Hmmm, seems to me that if you are going to rebuild a society the infrastructure restoration needs to go hand in hand with the political/social/cultural. Not that the comparison is totally valid, but the Western occupiers of Germany and Japan after WWII went right to work on values, along with the cleaning up and rebuilding. Basic law and order issues and societal attitudes toward women are often connected, after all.
posted by gudrun at 8:54 PM on May 21, 2003


Women’s Liberation: Afghanistan, Iraq, and Iran
Thursday, May 22, 2003
8:30-11:00 a.m.
National Press Club, 14th and F Sts., NW
posted by sheauga at 3:38 AM on May 22, 2003


Iraq's Silenced Majority by Zainab Al-Suwaij, executive director of the American Islamic Congress and a delegate to the United States-organized conference in Baghdad to determine a new government for Iraq.
We must heal these wounds of division and mistrust within Iraqi families and between various groups. This means that wherever the Baath Party worked to destroy the institutions of civil society, all Iraqis, including women, should be given a role in rebuilding and healing — from government ministries to the oil industry to education to the legal system.

America is struggling to create order amid the power vacuum in Iraq.

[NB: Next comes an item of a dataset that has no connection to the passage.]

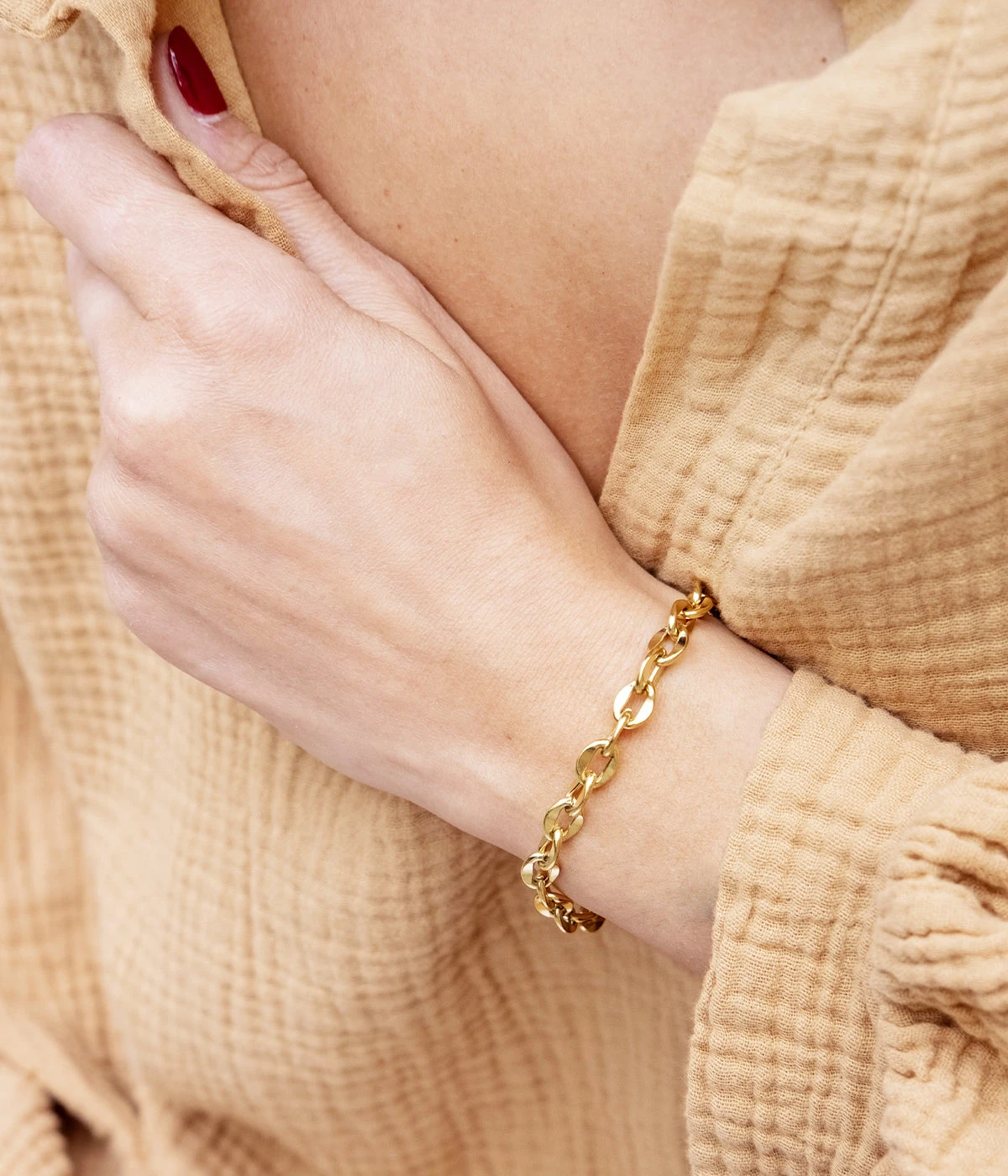 Bracelet en acier dorĂ© Ă l’or fin Ă gros maillons.

Building democracy is a long-term process, but enabling women to lead and participate in all aspects of Iraqi society can begin immediately. Imagine an Iraq where women are represented throughout the public and private sectors, and then imagine the example this will set for the entire region.

Helping to build a free government out of the rubble of tyranny is thrilling. You feel and see history being created all around you. But this history will endure only if all Iraqis are part of it.
posted by languagehat at 8:32 AM on May 23, 2003


That's great... and I totally ageree. I just think it's a bit early to be moaning about the lack of participation in the rebuilding process. This process will last a good decade or more. There's plenty of time for everyone to get involved. The war has been over for ~month... soldiers and civilians are still dying.